All the lines below should be set down exactly, with no picture carried into the copy.

Stored entries
_____
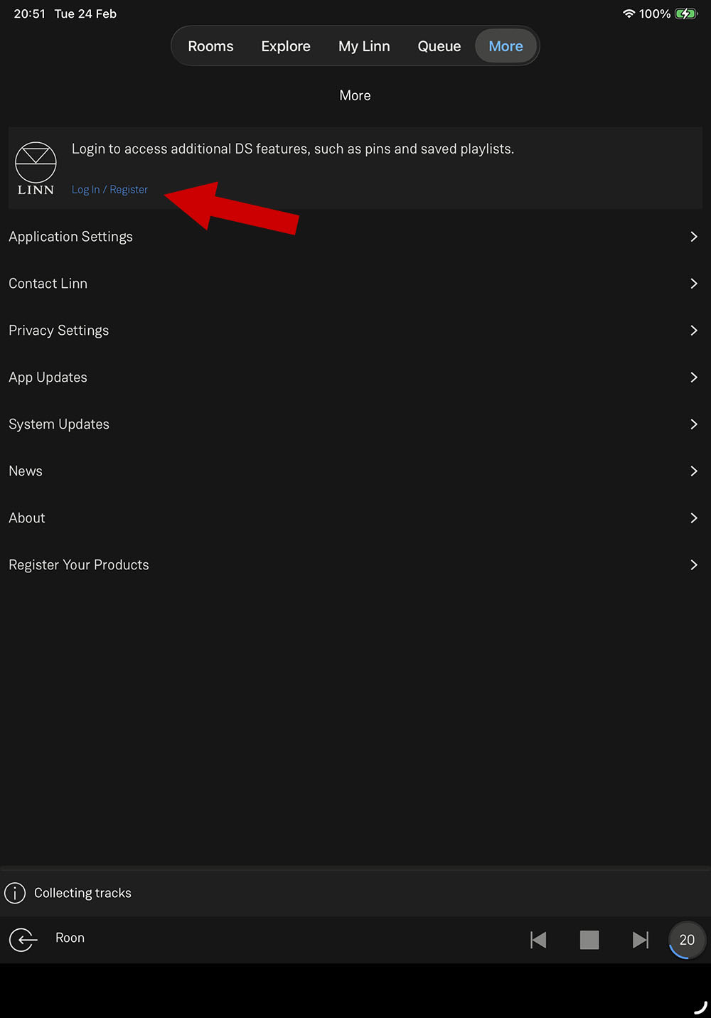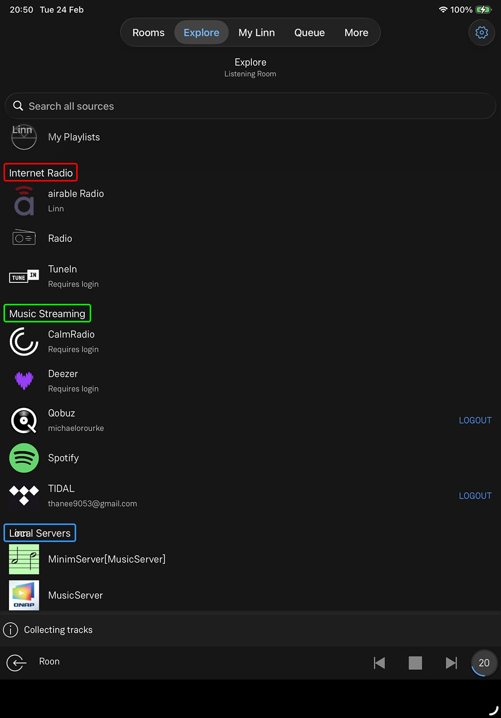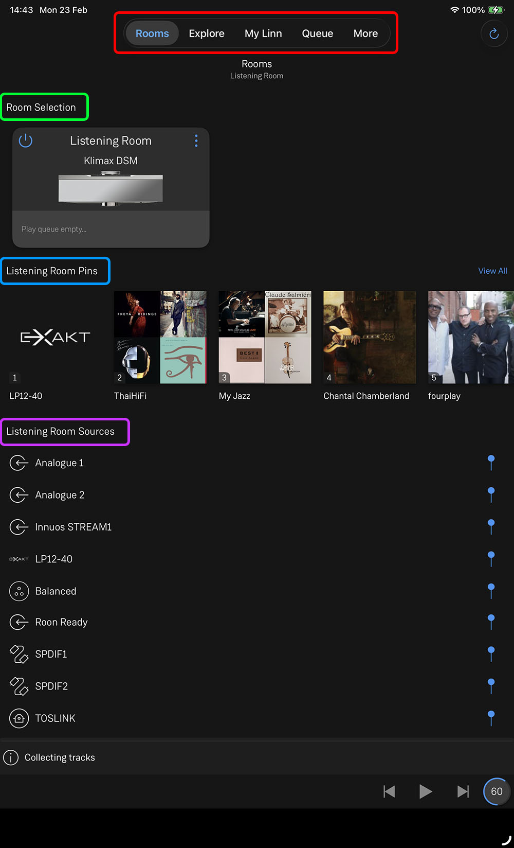 ภาพข้างบนเป็นหน้าตาของแอพฯ LINN ที่พวกเขาออกแบบมาไว้ให้ใช้เล่นไฟล์เพลง โดยแยกการทำงานทั้งหมดออกเป็น 5 หัวข้อหลัก (กรอบสีแดง) ได้แก่ Rooms, Explore, My Linn, Queue และ More โดยที่หน้าแรกของแอพฯ ก็คือหน้า Rooms ตามภาพข้างบน
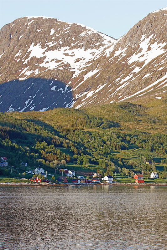 22:00 - wieder auf Nordkurs - Blick nach Osten zur Ortschaft "Vasstrand" - dahinter ist der Nordhang des "Vasstinden" zu sehen
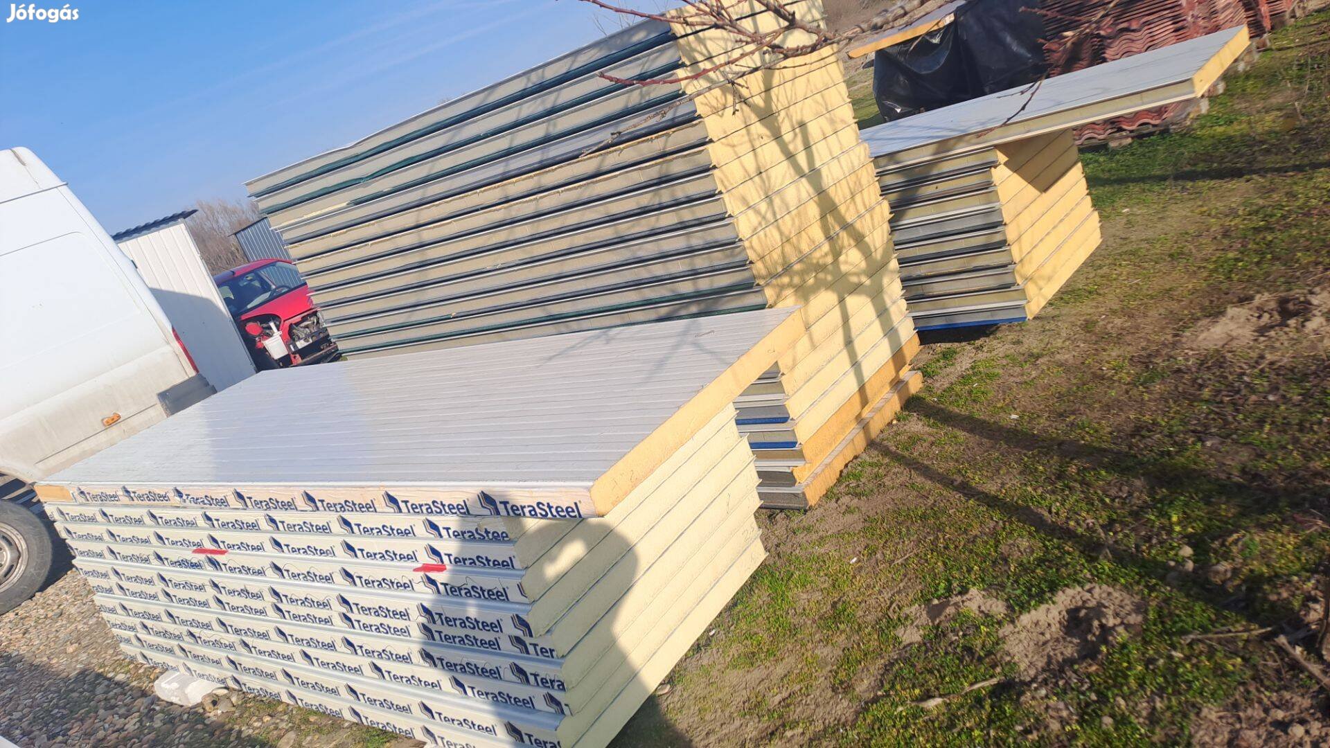 Eladó a képen szereplő 8 cm vastag 2.5 3 méter hosszú és 1 méter széles másod osztályú szendvicspanel.
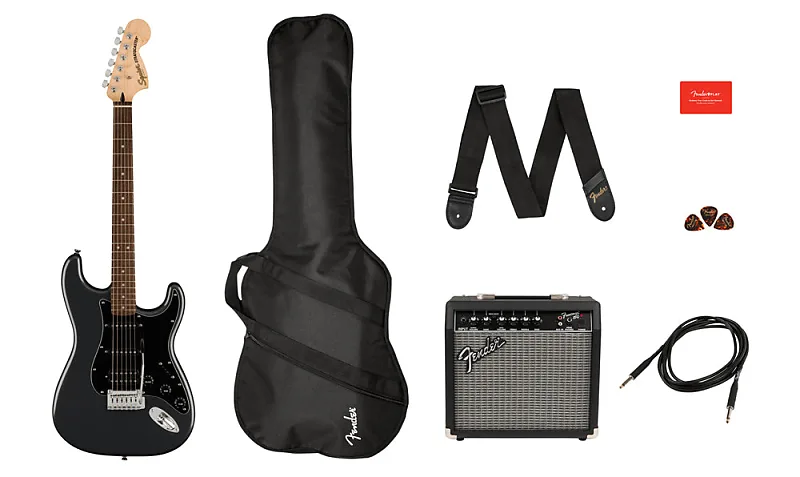 Обеспечивая 15 ватт чистого звука Fender, усилитель Frontman 15G имеет как чистый, так и овердрайв-каналы, трехполосный эквалайзер, разъем для наушников для тихой практики и вход AUX для подключения медиа-устройства. В комплекте идет мягкий чехол для переноски. сумка, медиаторы, ремень и 3-метровый кабель - комплект Squier Affinity Stratocaster HSS имеет все необходимое, чтобы превратить вашу любовь к музыке в пожизненную страсть.
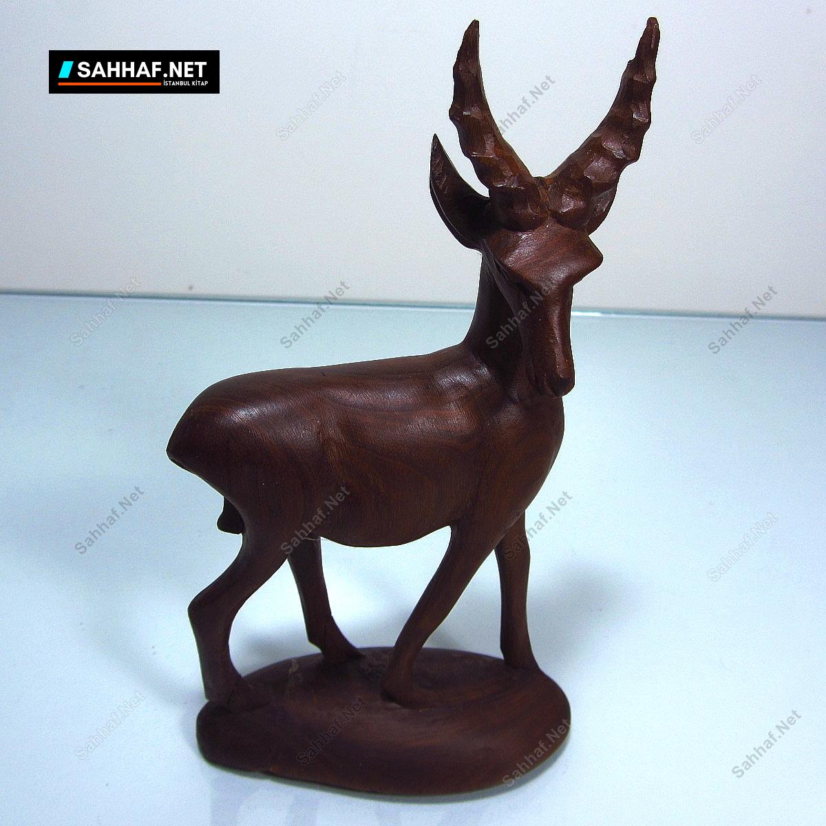 Elişi, ahşap antilop figürü. Çok sert bir ağaçtan oyulmuş, muhtemelen afrika kökenli bir ürün. Oldukça güzel bir işçiliği var, zarif ve asil bir duruşa sahip. Çok dikkatli bakmakdıkça (arkasını evirip çevirmek gerekiyor görmek için) iki tane kusuru var; alt kaide arka kısımdan yapıştırılmış ve boynuzların arka kısmında 1 cm kadar parça kopmuş. Dediğim gibi, arkasına bakmadan hiç belli olmuyor. Yükseklik: 15 cm
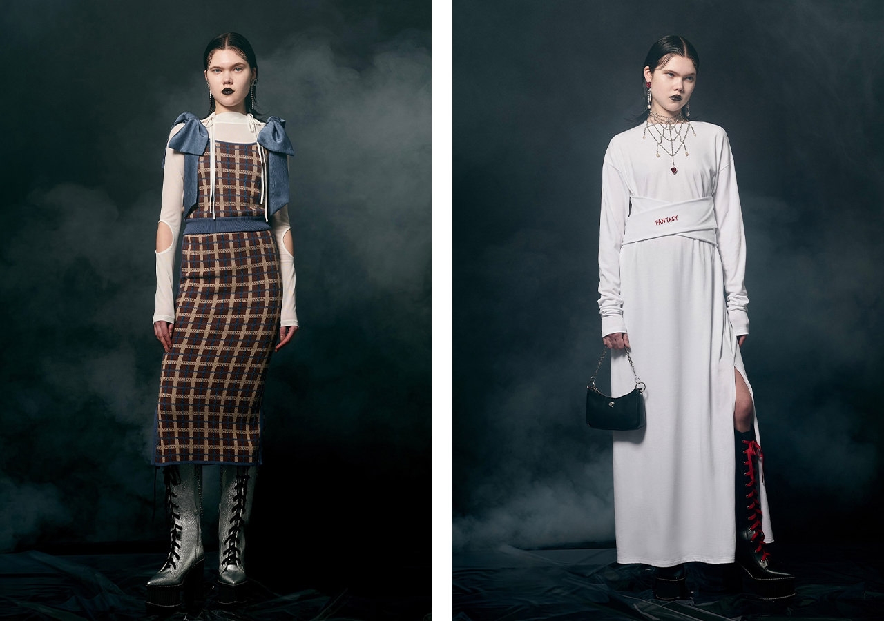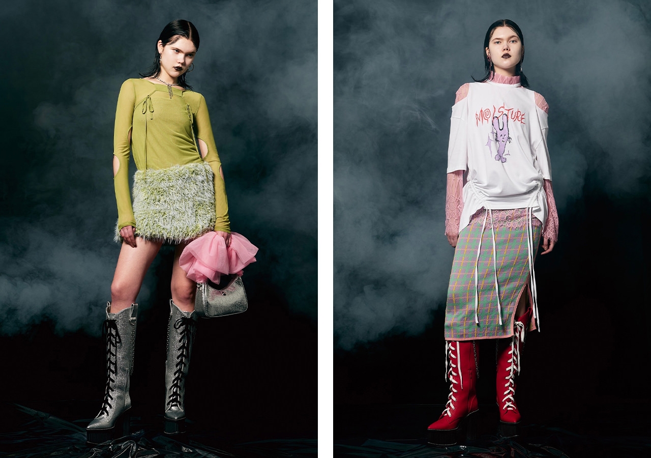 “MOIST PUNK”をテーマに、1970年代のU.K.パンクとロマンティックでしっとりとした世界観の二面性を表現。レッドやパープルなどの鮮やかな色とピンクやラベンダーのファンシーな対照的なカラーをミックスし、ペインター・MOMONSとコラボしたエッジの効いた「MOISTURE」のグラフィックも採用。繊細なコードレースのボンテージパンツやラップスカート、ミニとマキシをドッキングさせたチェックスカートなど、懐かしさを感じさせながら大胆で今のムードを纏ったルックに。ジュエリーは、クリスタルビジューで蜘蛛の巣を象ったネックレスやシルバーのキーホルダーパーツを使用したピアスが登場。
_____
» **RESPONSE**
 ภาพข้างบนเป็นหน้าตาของแอพฯ LINN ที่พวกเขาออกแบบมาไว้ให้ใช้เล่นไฟล์เพลง โดยแยกการทำงานทั้งหมดออกเป็น 5 หัวข้อหลัก (กรอบสีแดง) ได้แก่ Rooms, Explore, My Linn, Queue และ More โดยที่หน้าแรกของแอพฯ ก็คือหน้า Rooms ตามภาพข้างบน
 22:00 - wieder auf Nordkurs - Blick nach Osten zur Ortschaft "Vasstrand" - dahinter ist der Nordhang des "Vasstinden" zu sehen
 Eladó a képen szereplő 8 cm vastag 2.5 3 méter hosszú és 1 méter széles másod osztályú szendvicspanel.
 Обеспечивая 15 ватт чистого звука Fender, усилитель Frontman 15G имеет как чистый, так и овердрайв-каналы, трехполосный эквалайзер, разъем для наушников для тихой практики и вход AUX для подключения медиа-устройства. В комплекте идет мягкий чехол для переноски. сумка, медиаторы, ремень и 3-метровый кабель - комплект Squier Affinity Stratocaster HSS имеет все необходимое, чтобы превратить вашу любовь к музыке в пожизненную страсть.
 Elişi, ahşap antilop figürü. Çok sert bir ağaçtan oyulmuş, muhtemelen afrika kökenli bir ürün. Oldukça güzel bir işçiliği var, zarif ve asil bir duruşa sahip. Çok dikkatli bakmakdıkça (arkasını evirip çevirmek gerekiyor görmek için) iki tane kusuru var; alt kaide arka kısımdan yapıştırılmış ve boynuzların arka kısmında 1 cm kadar parça kopmuş. Dediğim gibi, arkasına bakmadan hiç belli olmuyor. Yükseklik: 15 cm
 “MOIST PUNK”をテーマに、1970年代のU.K.パンクとロマンティックでしっとりとした世界観の二面性を表現。レッドやパープルなどの鮮やかな色とピンクやラベンダーのファンシーな対照的なカラーをミックスし、ペインター・MOMONSとコラボしたエッジの効いた「MOISTURE」のグラフィックも採用。繊細なコードレースのボンテージパンツやラップスカート、ミニとマキシをドッキングさせたチェックスカートなど、懐かしさを感じさせながら大胆で今のムードを纏ったルックに。ジュエリーは、クリスタルビジューで蜘蛛の巣を象ったネックレスやシルバーのキーホルダーパーツを使用したピアスが登場。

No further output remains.